══ Supplied data ══
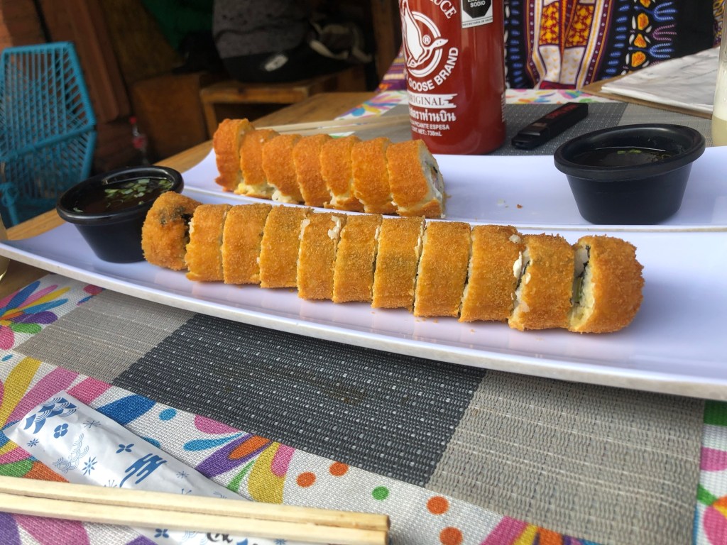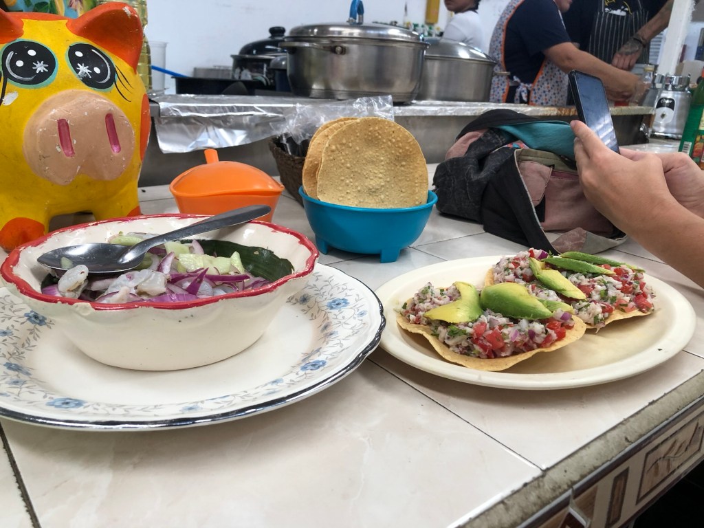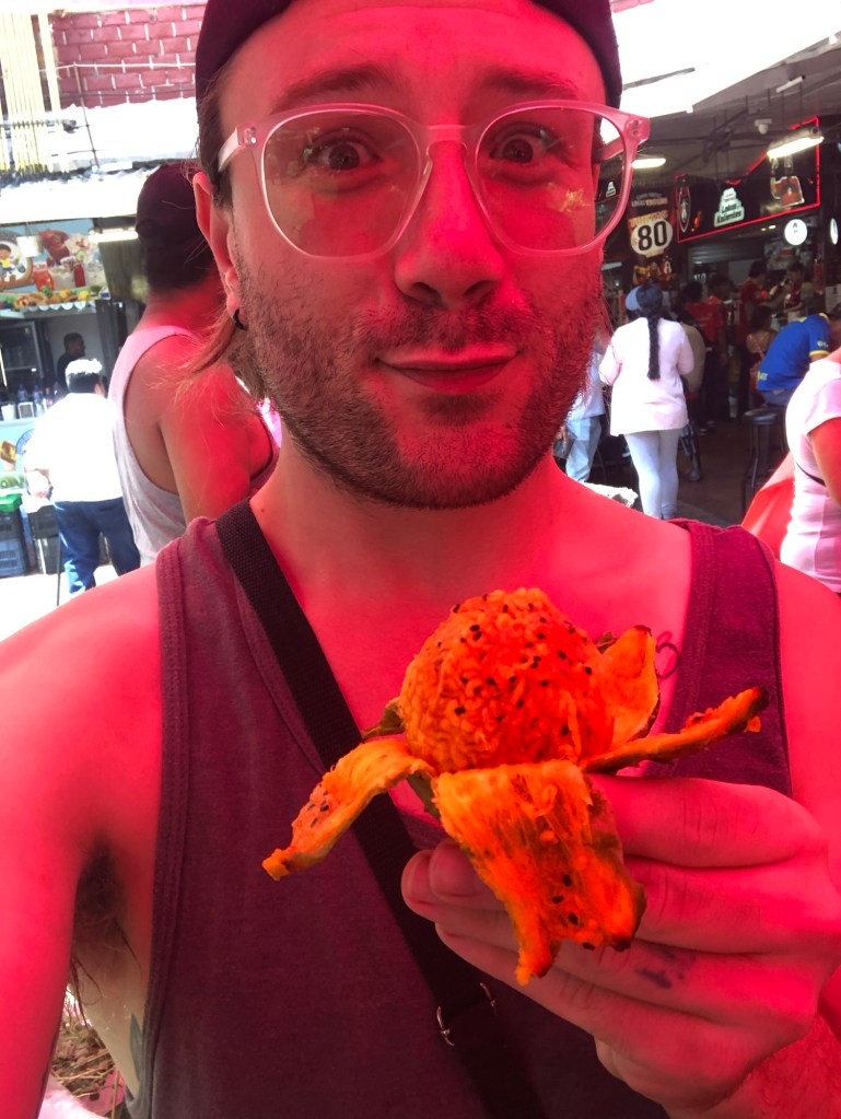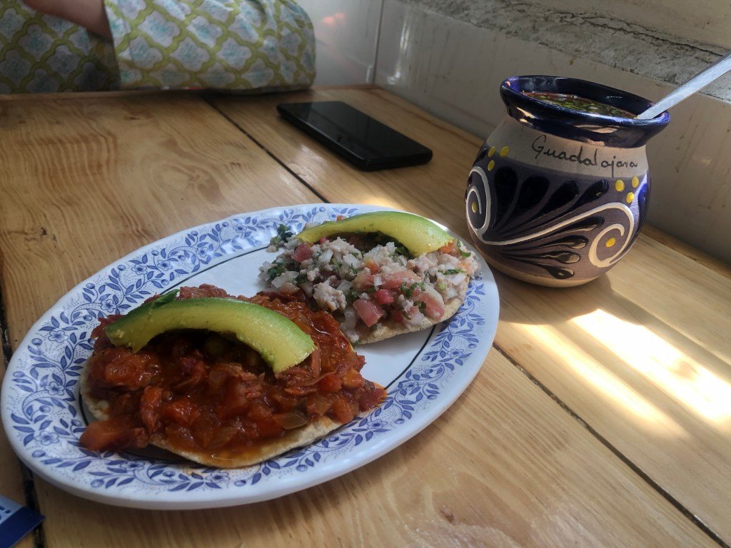 After PVâI didnât necessarily Plan on staying in GuadalajaraâI was planning on going to MExico Cityâhowever, I missed TWO FLIGHTS in the same dayâand decided to see what was around me. My first meal in Guadalajaraâwhich was very close to one of the airbnbâs I had bookedâunbeknownst to me, There are so many churchesâone could host a church tour, if they were inclined. Casa Dolores for Breakfast, before the city tour! It was a MUSTT GO-TO. City Tourâwas amazingâand would highly recommend. I preferred this City Tour over PV. Me, eating a random fruit that my guide handed me. The birds wanted their photo takenâbeing in a cage doesnât come with much excitement.Guadalajara has some of the most beautiful art. FREE FUCKING PALESTINE. Photo from my Airbnb WindowâI got very lucky. Day #1 was city tourâDay #2 was A HOT SPRING ADVENTURE! Divorced Chilaquilesâfor breakfast before our hike to the Hot Springs. Tracy (guest) and tour guide! We became fast friends! Tracy and I toured the beautiful city of Tlaquepaque! My first PulqueâI got Ginger, for some silly reason. California Roll, and Salmon roll, both deep fried!Ceviche Toasty This was our last meal of the day-before we departed. That day we had Sushi, (seen above), A ceveche toasty, and then tacos! The next day, after the HS adventureâTracy showed me the best stop to get a cheap and tasty toasty. Photo evidence of our breakfast. Maybe close to $5 USD Aqua-chili on the left, and toasty on the right. The Universe showed me a couple of cute things along my way. Validation that I was right on track. For lunch that same dayâI had to treat myself to a tamaleâfresh on the street. We got tuckered out from walkingâ-and decided to DIDI some food back to her apartment. The place was called âLasagnaââwe got Lasagna, no surprise. I met another friendâwho also went to massage school, like meâwe exchanged massages, and Reiki. Atocheâmy airbnb host (featured in the last photo), treated me to the tastiest tamale for breakfast. Her, and her husband were artistsâand partnered on this art pieceââSourceâ as I would call it.. This is how they pictured the universe being. Golden light emanating from a center point. Day 3, or 4âin the BIG G. We discovered a tasty spotâto share a Marlin Toastyâand a ceviche. ANDDDD, this was probably one of the bigggest treatsâshe showed me a dumpling placeâthat had colorful exteriors, and meat, or chocolate filled centers! We got a beef, and chocolate. I had to capture the owner! He was very friendly! I got their business cardâbut I think I lost it. đŚ It was called âDumplings IkuraââWELL WORTH THE VISIT YALL.
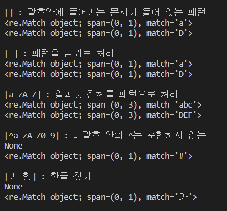 - 패턴 [ ] : [ ] 안에 있는 일치하는 문자가 있으면 매치한다
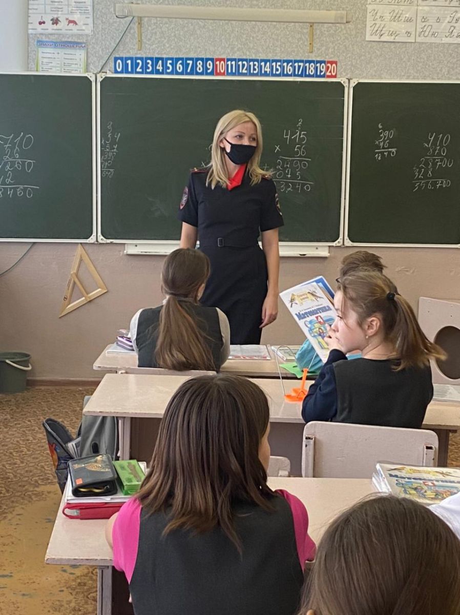 Инспектор по делам несовершеннолетних ЛП на ст.Юдино ст. лейтенант полиции С.А.Смирнова повела беседу с учащимися школы на тему "Железная дорога -зона повышенной опасности. Травматизм"
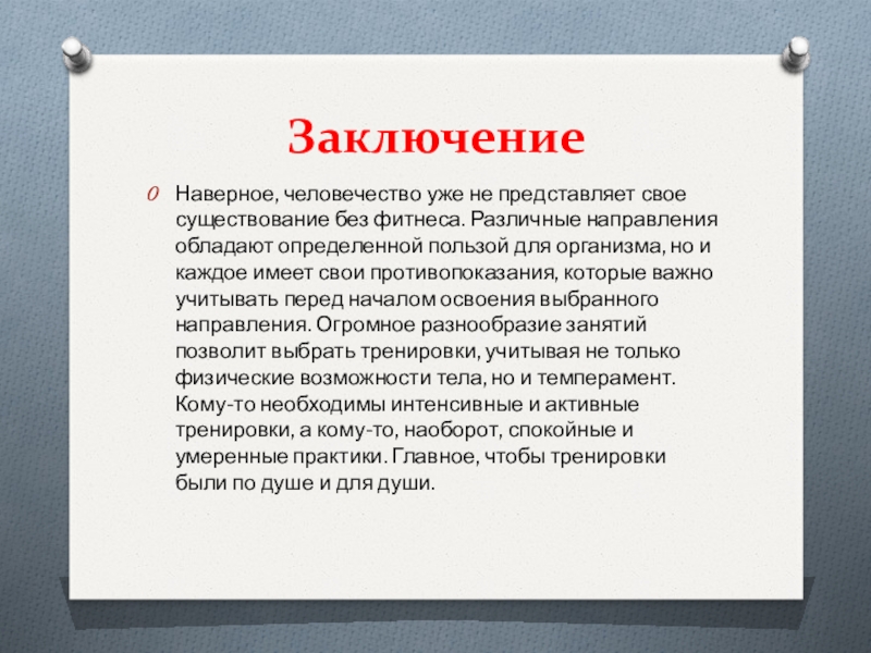ЗаключениеНаверное, человечество уже не представляет свое существование без фитнеса. Различные направления обладают определенной пользой для организма, но
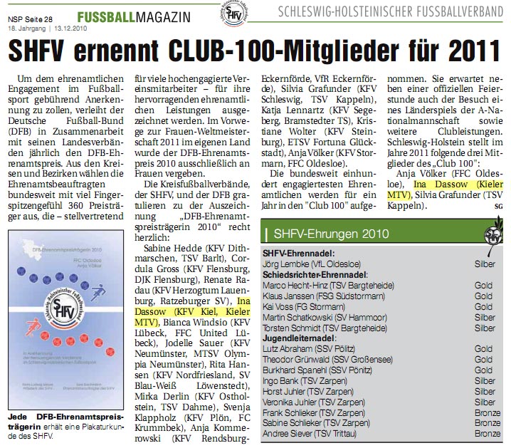 Herzlichen Glückwunsch und vielen Dank an unsere Fußballjugendobfrau Ina Dassow, die vom KFV Kiel zur Ehrenamtspreisträgerin 2010 benannt wurde und außerdem zusammen mit Anja Völker (FFC Oldesloe) und Silvia Grafunder (TSV Kappeln) im Jahr 2011 im "Club 100" die Farben Schleswig-Holsteins vertreten wird.
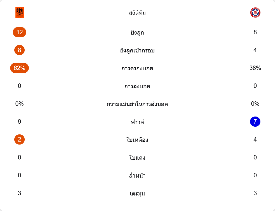 ราชบุรียิง 12 ครั้ง เข้ากรอบ 8 ครั้ง ได้ครองบอลถึง 62% บีบพื้นที่และเปลี่ยนจังหวะบุกได้หลากหลาย ขณะที่อีสเทอร์นมีโอกาส 8 ครั้ง เข้ากรอบ 4 ครั้ง อาศัยเกมสวนและการวิ่งทำทางของตัวสำรองเป็นหลัก ตัวเลขฟาวล์ค่อนข้างสูสี 9 ต่อ 7 ใบเหลืองเจ้าบ้าน 2 ใบ ทีมเยือน 4 ใบ ลูกเตะมุมเท่ากัน 3 ต่อ 3 สะท้อนภาพรวมว่าเจ้าบ้านคุมเกมรุก ส่วนทีมเยือนต้องตั้งรับลึกยาวนาน
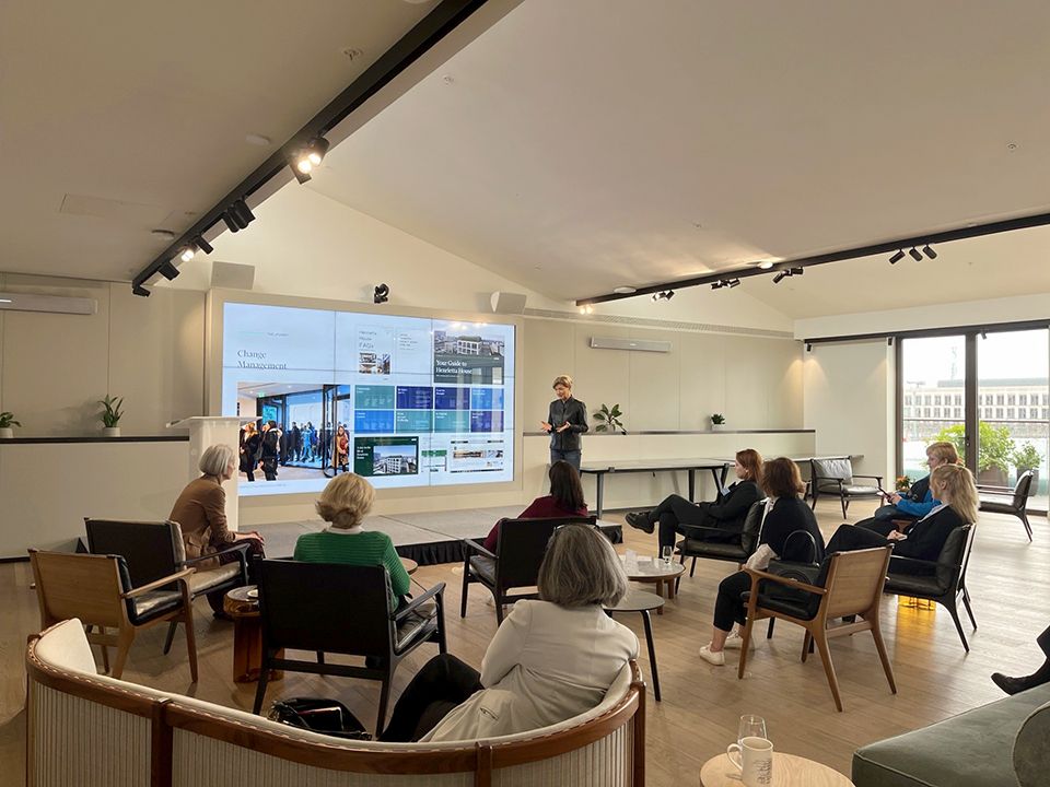 Pia Dekkers chaired the event, and Kate Smith, our speaker, organised a tour and explained how CBRE has implemented a workplace strategy that aligns business objectives with employee well-being. She highlighted how this approach can drive long-term success and competitiveness.
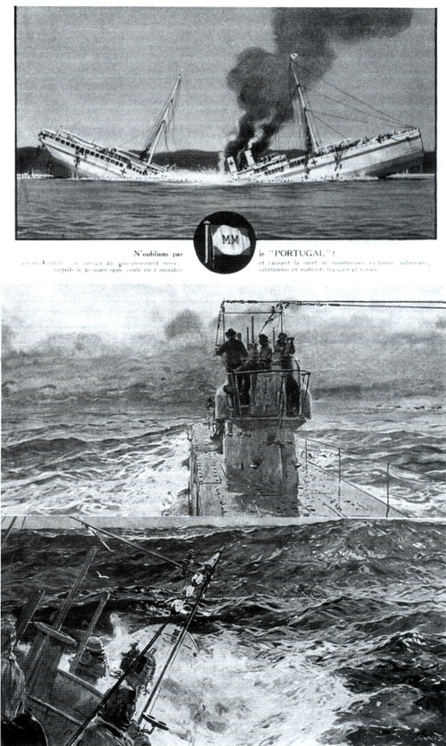 nearby, as though posing at a naval review! She is vulnerably on the surface in plain sight, too close to be in ambush and one wonders at the rationale behind the artist’s mis-en-scene. Might it be a British submarine?
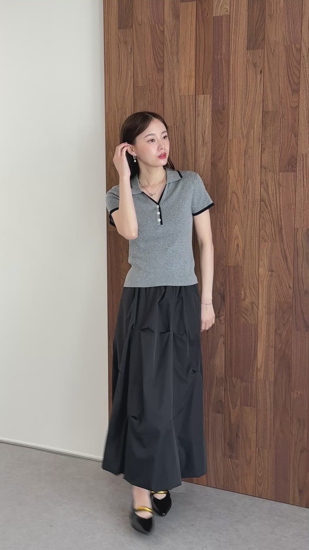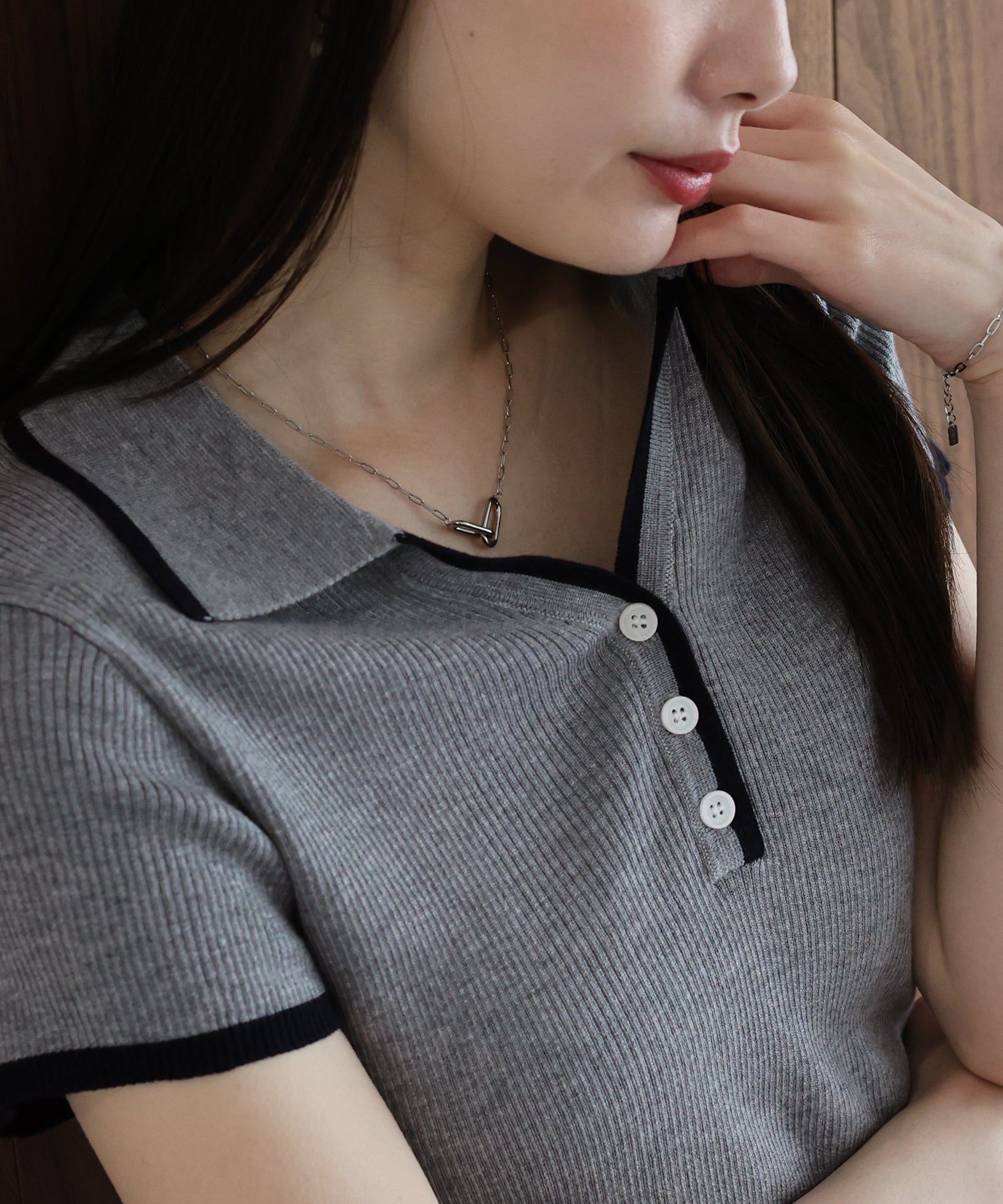 スキッパーネックなのでネックレスなどのアクセサリーとも好相性◎
═══
Aim of the exercise:
With the pictures omitted, the records above are to be repeated exactly.

Response to this task:
 After PVâI didnât necessarily Plan on staying in GuadalajaraâI was planning on going to MExico Cityâhowever, I missed TWO FLIGHTS in the same dayâand decided to see what was around me. My first meal in Guadalajaraâwhich was very close to one of the airbnbâs I had bookedâunbeknownst to me, There are so many churchesâone could host a church tour, if they were inclined. Casa Dolores for Breakfast, before the city tour! It was a MUSTT GO-TO. City Tourâwas amazingâand would highly recommend. I preferred this City Tour over PV. Me, eating a random fruit that my guide handed me. The birds wanted their photo takenâbeing in a cage doesnât come with much excitement.Guadalajara has some of the most beautiful art. FREE FUCKING PALESTINE. Photo from my Airbnb WindowâI got very lucky. Day #1 was city tourâDay #2 was A HOT SPRING ADVENTURE! Divorced Chilaquilesâfor breakfast before our hike to the Hot Springs. Tracy (guest) and tour guide! We became fast friends! Tracy and I toured the beautiful city of Tlaquepaque! My first PulqueâI got Ginger, for some silly reason. California Roll, and Salmon roll, both deep fried!Ceviche Toasty This was our last meal of the day-before we departed. That day we had Sushi, (seen above), A ceveche toasty, and then tacos! The next day, after the HS adventureâTracy showed me the best stop to get a cheap and tasty toasty. Photo evidence of our breakfast. Maybe close to $5 USD Aqua-chili on the left, and toasty on the right. The Universe showed me a couple of cute things along my way. Validation that I was right on track. For lunch that same dayâI had to treat myself to a tamaleâfresh on the street. We got tuckered out from walkingâ-and decided to DIDI some food back to her apartment. The place was called âLasagnaââwe got Lasagna, no surprise. I met another friendâwho also went to massage school, like meâwe exchanged massages, and Reiki. Atocheâmy airbnb host (featured in the last photo), treated me to the tastiest tamale for breakfast. Her, and her husband were artistsâand partnered on this art pieceââSourceâ as I would call it.. This is how they pictured the universe being. Golden light emanating from a center point. Day 3, or 4âin the BIG G. We discovered a tasty spotâto share a Marlin Toastyâand a ceviche. ANDDDD, this was probably one of the bigggest treatsâshe showed me a dumpling placeâthat had colorful exteriors, and meat, or chocolate filled centers! We got a beef, and chocolate. I had to capture the owner! He was very friendly! I got their business cardâbut I think I lost it. đŚ It was called âDumplings IkuraââWELL WORTH THE VISIT YALL.
 - 패턴 [ ] : [ ] 안에 있는 일치하는 문자가 있으면 매치한다
 Инспектор по делам несовершеннолетних ЛП на ст.Юдино ст. лейтенант полиции С.А.Смирнова повела беседу с учащимися школы на тему "Железная дорога -зона повышенной опасности. Травматизм"
ЗаключениеНаверное, человечество уже не представляет свое существование без фитнеса. Различные направления обладают определенной пользой для организма, но
 Herzlichen Glückwunsch und vielen Dank an unsere Fußballjugendobfrau Ina Dassow, die vom KFV Kiel zur Ehrenamtspreisträgerin 2010 benannt wurde und außerdem zusammen mit Anja Völker (FFC Oldesloe) und Silvia Grafunder (TSV Kappeln) im Jahr 2011 im "Club 100" die Farben Schleswig-Holsteins vertreten wird.
 ราชบุรียิง 12 ครั้ง เข้ากรอบ 8 ครั้ง ได้ครองบอลถึง 62% บีบพื้นที่และเปลี่ยนจังหวะบุกได้หลากหลาย ขณะที่อีสเทอร์นมีโอกาส 8 ครั้ง เข้ากรอบ 4 ครั้ง อาศัยเกมสวนและการวิ่งทำทางของตัวสำรองเป็นหลัก ตัวเลขฟาวล์ค่อนข้างสูสี 9 ต่อ 7 ใบเหลืองเจ้าบ้าน 2 ใบ ทีมเยือน 4 ใบ ลูกเตะมุมเท่ากัน 3 ต่อ 3 สะท้อนภาพรวมว่าเจ้าบ้านคุมเกมรุก ส่วนทีมเยือนต้องตั้งรับลึกยาวนาน
 Pia Dekkers chaired the event, and Kate Smith, our speaker, organised a tour and explained how CBRE has implemented a workplace strategy that aligns business objectives with employee well-being. She highlighted how this approach can drive long-term success and competitiveness.
 nearby, as though posing at a naval review! She is vulnerably on the surface in plain sight, too close to be in ambush and one wonders at the rationale behind the artist’s mis-en-scene. Might it be a British submarine?
 スキッパーネックなのでネックレスなどのアクセサリーとも好相性◎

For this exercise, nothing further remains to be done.